“A/B Interactions: A Call to Relax”, Microsoft Research2023-08-02 (, )⁠:

…We’re going to show you why A/B interactions—the dreaded scenario where two or more tests interfere with each other—are not as common a problem as you might think. Don’t get us wrong, we’re not saying that you can completely let down your guard and ignore A/B interactions altogether. We’re just saying that they’re rare enough that you can usually run your tests without worrying about them.

Looking for A/B Interactions at Microsoft: Our previous experience with A/B tests at Microsoft had found that A/B interactions were extremely rare. Similarly, researchers at Facebook found that A/B interactions were not a serious problem for their tests.

We recently carried out a new investigation of A/B interactions in a major Microsoft product group. In this product group, A/B tests are not isolated from each other, and each control-treatment assignment takes place independently. The data analysis

Within this product group, we looked at 4 major products, each of which runs hundreds of A/B tests per day on millions of users. For each product, we picked a single day, and looked at every pair of A/B tests that were running on that same day. For each pair, we calculated every metric for that product for every possible control or treatment assignment combination for the two tests in the pair. The results for metric y are shown here for a case where each test has one control and one treatment.
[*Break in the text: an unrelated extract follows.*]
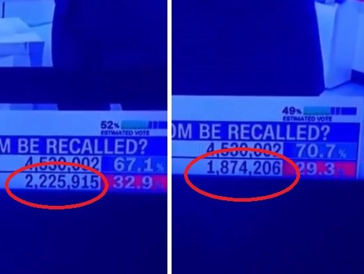 HÃY NHÌN KỸ: 351.000 phiếu bầu "Đồng ý bãi nhiệm" biến mất khỏi tổng số phiếu bãi nhiệm Newsom TRỰC TIẾP trên CNN
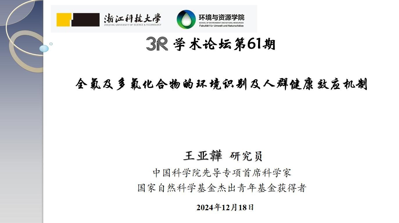 2024年12月18日下午,中国科学院先导专项首席科学家、中组部WR领军人才、国家自然科学基金杰出青年基金及优秀青年基金获得者、中组部万人计划“青年拔尖人才”、中国环境科学学会环境化学分会主任、国家重点研发计划及“重点专项总体专家组成员、中国科学院生态环境研究中心王亚韡研究员来访我院并作题为“全氟及多氟化合物的环境识别及人群健康效应机制研究”的精彩报告,报告由方婧教授主持,学院教师及研究生等三十余人参加了报告会。

Table 3: Treatment effects for one A/B test, segmented by user control/treatment assignment in a different A/B test.
A/B Test #2: C A/B test #2: T Treatment effect
A/B test #1: c YC,c YT,c Δc = YT,c − YC,c
A/B test #1: t YC,t YT,t Δt = YT,t − YC,t

A chi-square test was performed to check if there was any difference between the two treatment effects. Because there were hundreds of thousands of A/B test pairs and metric combinations, hundreds of thousands of p-values were calculated. Under the null hypothesis of no A/B interactions, the p-values should be drawn from a uniform distribution, with 5% of the p-values satisfying p < 0.05, 0.1% of the p-values satisfying p < 0.001, etc. Accordingly, some were bound to be small, just by chance.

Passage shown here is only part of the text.